By Lieut. Hon. H. N. SHORE, R.N.
Some ten miles north of Peking, in a valley where silence reigns supreme, is situated one of the most remarkable and imposing burial grounds in the world. Here, nestling along the slopes of the inclosing mountains, which form a natural amphitheater, are a series of vast mausoleums where lie buried the emperors of the last Chinese dynasty. This was the celebrated Ming dynasty, which continued from 1366 till 1644, when, after a sanguinary struggle lasting for twenty-seven years, it succumbed to the Manchu Tartars, who, under the title of the Tsin dynasty, have occupied the throne to the present time.
It has been very truly remarked of the Chinese that they have probably expended more labor over their public works than any other nation of antiquity; and assuredly when any great national work is undertaken, however rare the occurrence, it is invariably carried out on a scale of unparalleled magnificence. It was, therefore, only fitting that the tombs containing the emperors of their own native dynasty should be constructed on a scale commensurate with the wealth and extent of the empire whose destinies they swayed for nigh 300 years. The valley contains altogether thirty tombs, each of which stands in the center of a wooded inclosure several acres in extent, surrounded by a high wall, with an imposing gateway.

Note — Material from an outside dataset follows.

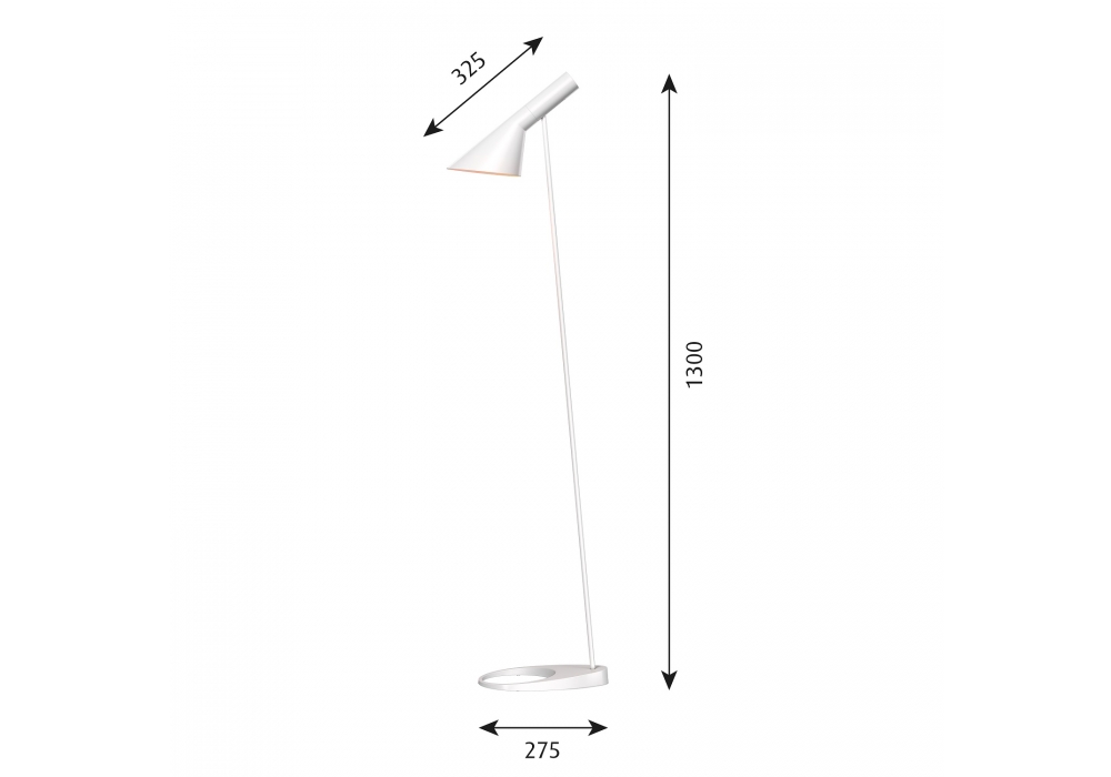 AJ firmata da Arne Jacobsen per Louis Poulsen è una lampada da terra con base in zinco o acciaio inox e sostegno in acciaio inox verniciato. Il diffusore è in acciaio inox e scherma una sorgente luminosa con innesto E27 di tipo LED o alogeno. AJ è disponibile in differenti finiture.

The largest and most celebrated is that of Yen-wang, whose body reposes in a lofty building resting on an immense brick mound pierced by a slanting tunnel, whose curious acoustic properties entitle it to be ranked as a "whispering gallery." In front of the mausoleum is a hall measuring 220 ft. long by over 90 ft. broad, which contains the emperor's tablet. The roof of this building is supported in the center by thirty-two pillars, composed of single trees 60 ft. high and over 11 ft. in circumference, which are said to have been brought from Corea. The transport of these enormous blocks must have been a work of no ordinary difficulty, more especially in the absence of good roads. According to the description of a missionary who recently witnessed the moving of a somewhat similar object, it would seem that the Chinese followed the practice of the ancient Egyptians, as depicted on their tombs, and in a country where labor is abundant such a method would be natural.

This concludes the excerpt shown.